Physical characteristics
- Source: Nederrijn
- • location: Westervoort, Gelderland, Netherlands
- • elevation: 6 metres
- Mouth: Ketelmeer (arm of below-sea-level channel east of the Flevopolder, Flevoland)
- • location: Kampen, Salland, Overijssel, Netherlands
- • coordinates: 52°34′58″N 5°50′24″E﻿ / ﻿52.58278°N 5.84000°E
- • elevation: −3 metres
- Length: 125 km (78 mi)
- • average: 340 m^{3}/s (12,000 cu ft/s)

Basin features
- Progression: Rhine, Pannerdens Kanaal, IJssel
- • right: Oude IJssel, Berkel, Schipbeek

= IJssel =

River in the Netherlands

The IJssel (Note: In Dutch, both letters in the ⟨IJ⟩ digraph are capitalized together.) (/nl/; Iessel(t) /nds/) is a Dutch distributary of the river Rhine that flows northward and ultimately discharges into the IJsselmeer (before the 1932 completion of the Afsluitdijk known as the Zuiderzee), a North Sea natural harbour.

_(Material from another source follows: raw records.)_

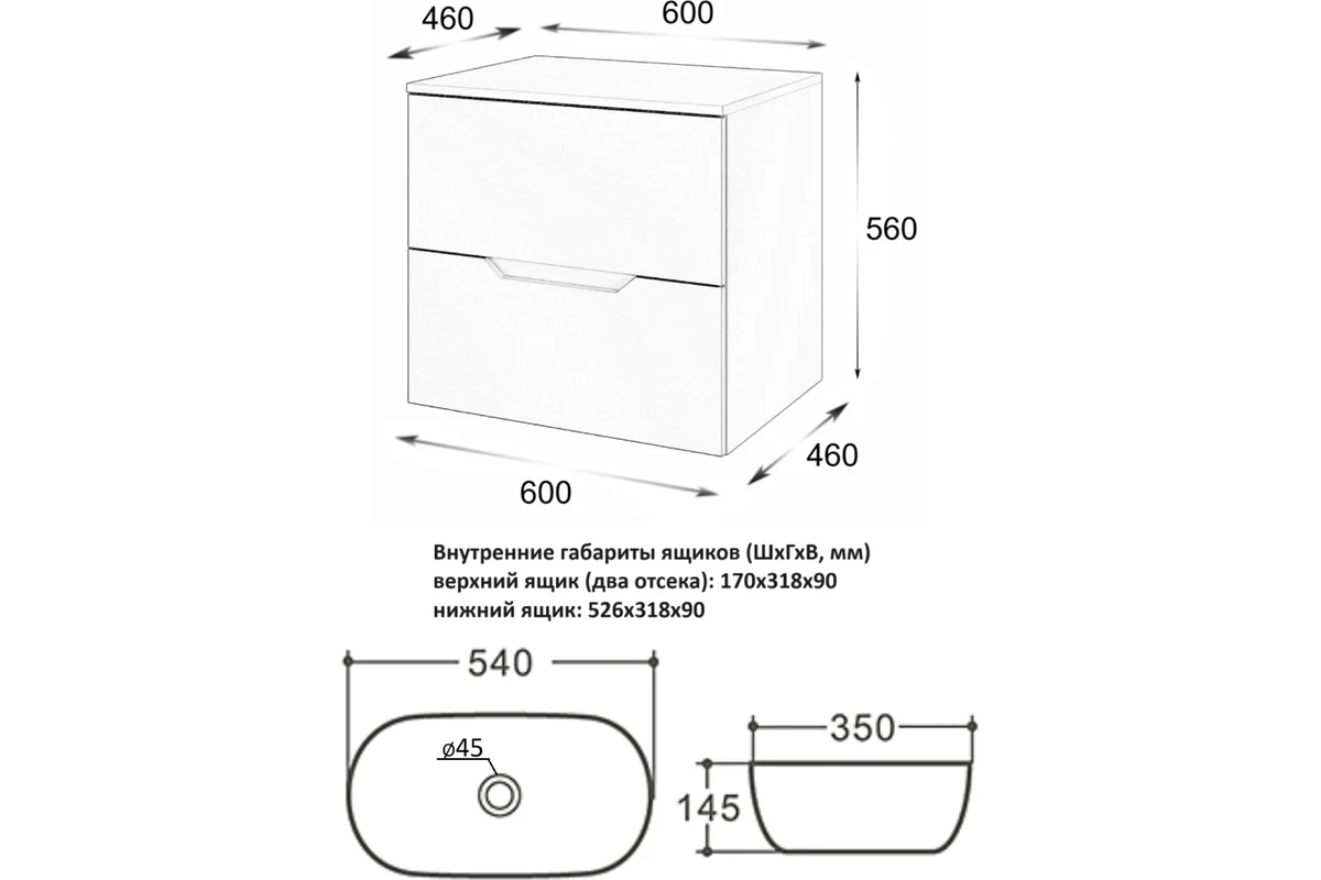 Тумба Orange Line Li-60TuwMDF+B07-540W 60 см, подвесная, белая матовая, с раковиной белой
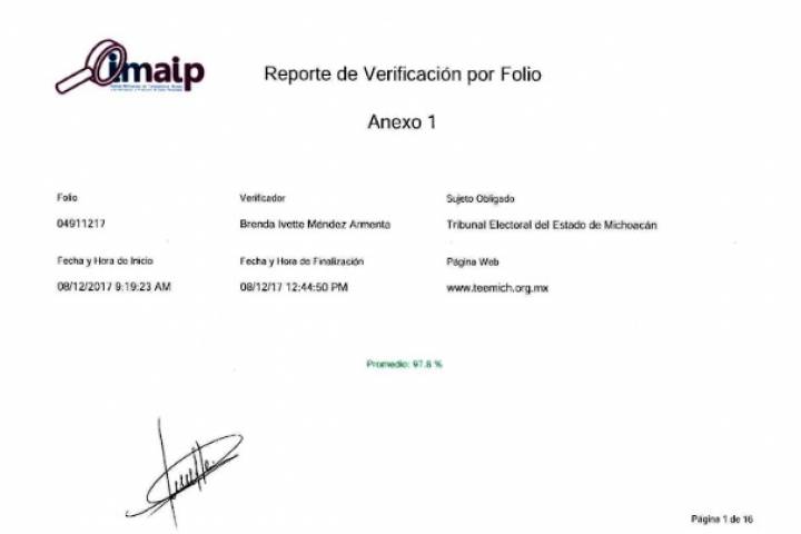 NOTICIAS 11/12/2017Califica el IMAIP al TEEM con 97.8% en transparencia y acceso a la información
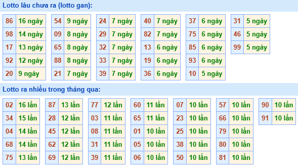 ⚡ Cặp loto ít về nhất: 86 - 98 - 17
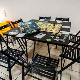 «Эволюция», «Каркассон», «Свинтус 2.0», «Алиас. Скажи иначе!», «Алиас — Party», «Дженга», «Манчкин» и разные его версии, «Уно», «Монополия», «Фликса», «Твистер», «Мозгобойня», «Ужас Аркхэма», «Колонизаторы» и многие-многие другие. Пользоваться всеми играми, а также приготовить себе чай-кофе можно абсолютно бесплатно. Если вы не умеете играть, то администратор и постоянные посетители тайм-клуба «1387» без проблем научат вас и ваших друзей!
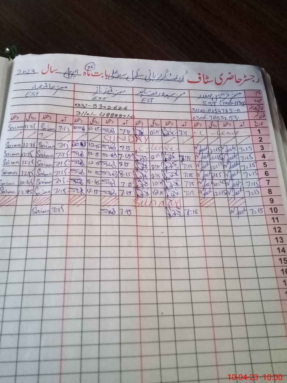 | Name: Sa**** Na**** Designation: (School Headmaster's/Headmistress's) SST. Art Phone/Cell Number: 03**** |
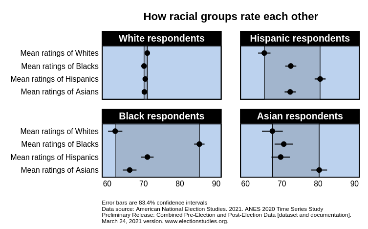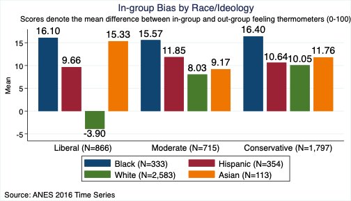 So Whites basically show complete color-blindness, rating other groups the same level of warmth as their own group. The other groups show the strongest warmth for their own groups, and the lowest for Whites. In other words, the pattern is exactly the opposite of the popular narrative. Whites are egalitarian, the other groups are racist and especially against Whites. In fact, one can look into the White group by ideology and see that White leftists also dislike whites, following the media narrative. Data from ANES 2016 analyzed by Zach Goldberg:
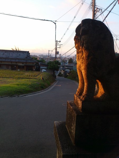 古市・大阪市街道と30kmを2本こなし、息子も休み休み走ればそこそこ距離を走れる事が判った。そこで朝駆けコースの中では一番ハードと思われる泉北緑道朝駆けに誘ったところ、「行く」と即答。担任の先生がこの辺りに住んでいて、「びっくりさせる事ができるわ」との事。目的が小学校3年生らしくて可愛いものだ。出発は6時15分。これまでと違って坂のアップダウンがあるので、ペースはとにかくゆっくり。7時陶荒田神社到着、おにぎり休憩。朝焼けに染まる狛犬。見つめる先は泉北方面。
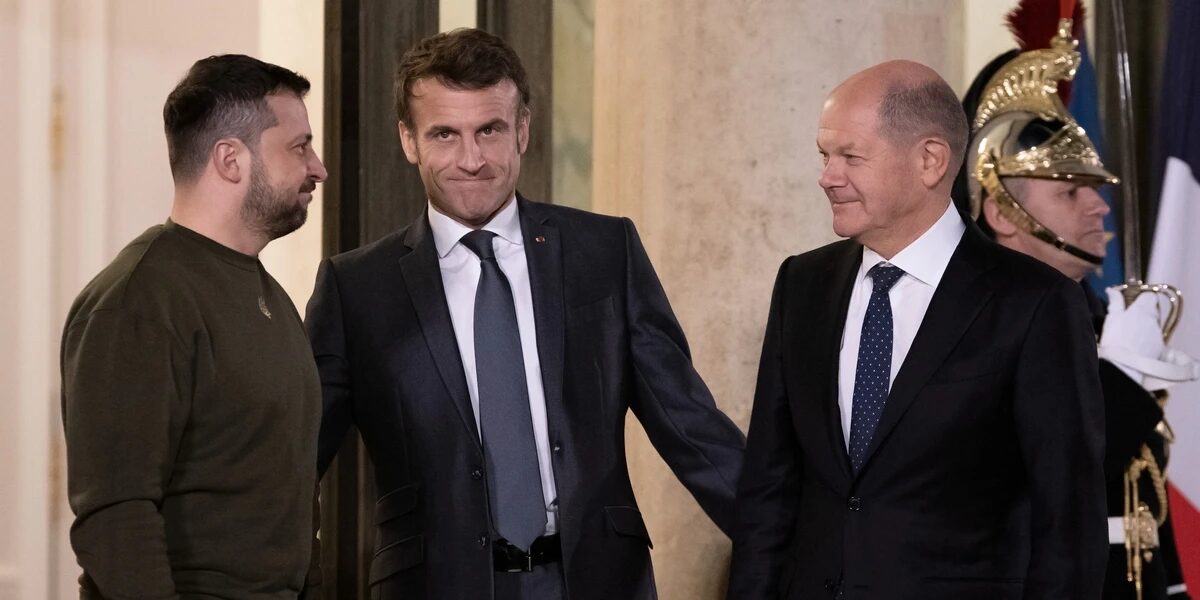 French President Emmanuel Macron welcomes President of Ukraine Volodymyr Zelensky and German Chancelor Olaf Scholz at the Elysée Palace in Paris on Feb. 8, 2023. (Frederic Legrand - COMEO/ Shutterstock)

It is sometimes called the Gelderse IJssel (/nl/; "Gueldern IJssel") to distinguish it from the Hollandse IJssel. It is in the provinces of Gelderland and Overijssel, the latter of which was named after this river. The Romans knew the river as Isala. It flows from Westervoort, on the east side of the city of Arnhem.

Similar to the Nederrijn which shares its short inflow, the Pannerdens Kanaal, it is a minor discharge of the Rhine. At the fork where the Kanaal is sourced the Rhine takes the name the Waal. This splitting-off is west of the German border. The Waal in turn interweaves with other rivers and the lower course of the Nederrijn, which altogether is known as the Rhine–Meuse–Scheldt delta.

The name contains the digraph ij, used throughout modern Dutch orthography, which is why both letters appear capitalized (as in: IJmuiden and IJsselmeer).

== Etymology ==
The name IJssel (older Isla, Isala, from *Īsalō), is thought to either have been derived from a Proto-Indo-European root *eis- "to move quickly" (Old Norse eisa "to race forward", Latin ira "anger") or a possible Old European stratum source.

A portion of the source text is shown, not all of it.